There is a substantial body of international regulation of the transportation of harmful substances by air, rail, road and sea (converted into national legislation in many countries). Most are based on standards sponsored by the United Nations, and cover the principles of identification, labelling, prevention and mitigation. The United Nations Committee of Experts on the Transport of Dangerous Goods has produced Recommendations on the Transport of Dangerous Goods. They are addressed to governments and international organizations concerned with the regulation of the transport of dangerous goods. Among other aspects, the recommendations cover principles of classification and definitions of classes, listing of the content of dangerous goods, general packing requirements, testing procedures, making, labelling or placarding, and transport documents. These recommendations—the “Orange Book”—do not have the force of law, but form the basis of all the international regulations. These regulations are generated by various organizations:

  • the International Civil Aviation Organization: Technical Instructions for Safe Transport of Dangerous Goods by Air (Tis)
  • the International Maritime Organization: International Maritime Dangerous Goods Code (IMDG Code)
  • the European Economic Community: The European Agreement Concerning the International Carriage of Dangerous Goods by Road (ADR)
  • the Office of International Rail Transport: Regulations Concerning the International Carriage of Dangerous Goods by Rail (RID).

 

The preparation of major emergency plans to deal with and mitigate the effects of a major accident involving dangerous substances is as much needed in the transportation field as for fixed installations. The planning task is made more difficult in that the location of an incident will not be known in advance, thus requiring flexible planning. The substances involved in a transport accident cannot be foreseen. Because of the nature of the incident a number of products may be mixed together at the scene, causing considerable problems to the emergency services. The incident may occur in an area which is highly urbanized, remote and rural, heavily industrialized, or commercialized. An added factor is the transient population who may be unknowingly involved in an event because the accident has caused a backlog of vehicles either on the public highway or where passenger trains are stopped in response to a rail incident.

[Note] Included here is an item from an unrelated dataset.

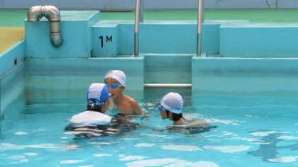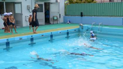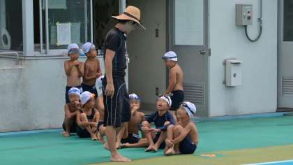 今日の水泳教室は検定日。水慣れと練習が終わって、さあいよいよ検定です。ひとつでも級をあげたくてみんながんばっています。級が上がった子は大喜び。でも残念な結果に終わった子もいます。それでも次のチャンスをめざして2学期も努力しましょう。
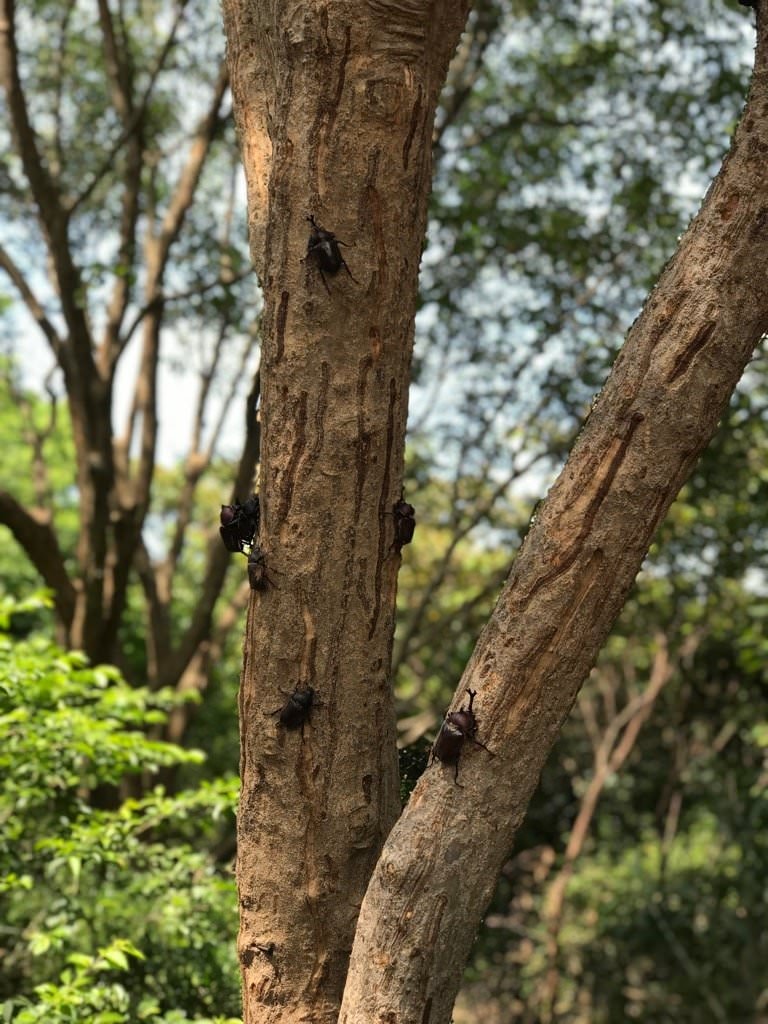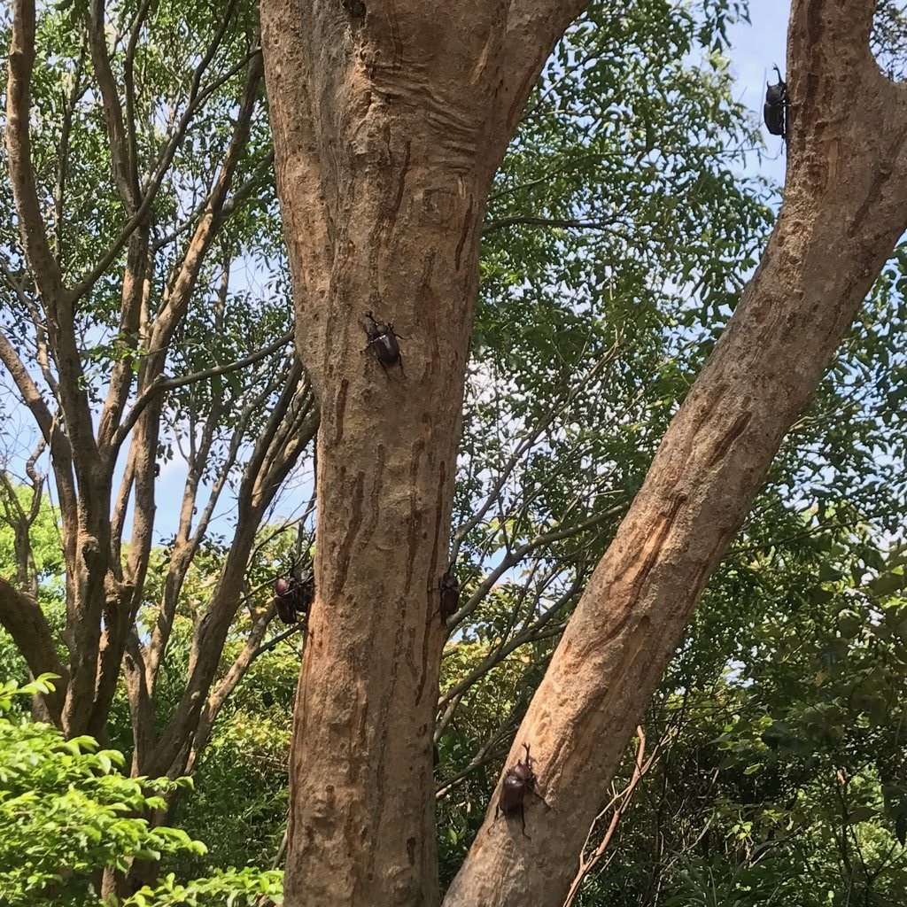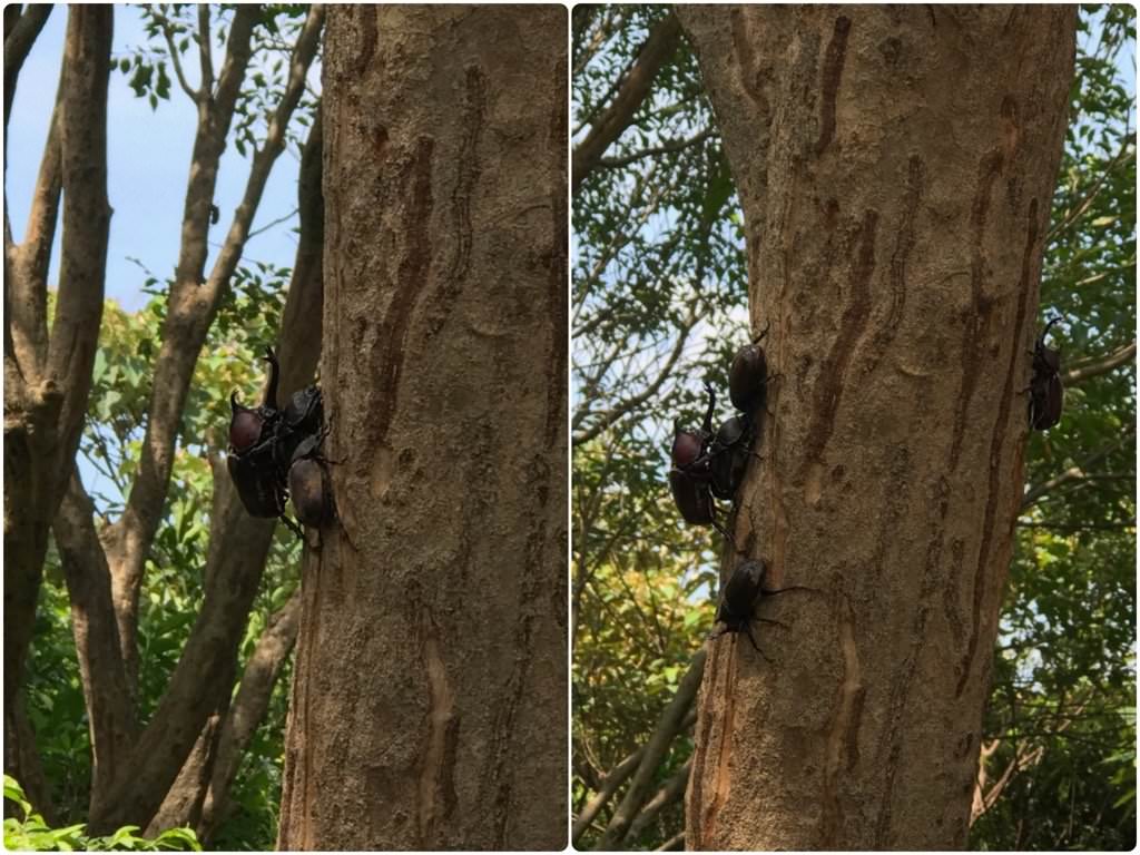 樹上的獨角仙們不時上演著角力擂台、搶親擂台,或是悠哉地吸著樹汁

There is therefore a necessity for the development of local and national plans to respond to such events. These must be simple, flexible and easily understood. As major transport accidents can occur in a multiplicity of locations the plan must be appropriate to all potential scenes. For the plan to work effectively at all times, and in both remote rural and heavily populated urban locales, all organizations contributing to the response must have the ability to maintain flexibility while conforming to the basic principles of the overall strategy.

The initial responders should obtain as much information as possible to try to identify the hazard involved. Whether the incident is a spillage, a fire, a toxic release, or a combination of these will determine responses. The national and international marking systems used to identify vehicles transporting hazardous substances and carrying hazardous packaged goods should be known to the emergency services, who should have access to one of the several national and international databases which can help to identify the hazard and the problems associated with it.

Rapid control of the incident is vital. The chain of command must be identified clearly. This may change during the course of the event from the emergency services through the police to the civil government of the affected area. The plan must be able to recognize the effect on the population, both those working in or resident in the potentially affected area and those who may be transients. Sources of expertise on public health matters should be mobilized to advise on both the immediate management of the incident and on the potential for longer-term direct health effects and indirect ones through the food chain. Contact points for obtaining advice on environmental pollution to water courses and so on, and the effect of weather conditions on the movement of gas clouds must be identified. Plans must identify the possibility of evacuation as one of the response measures.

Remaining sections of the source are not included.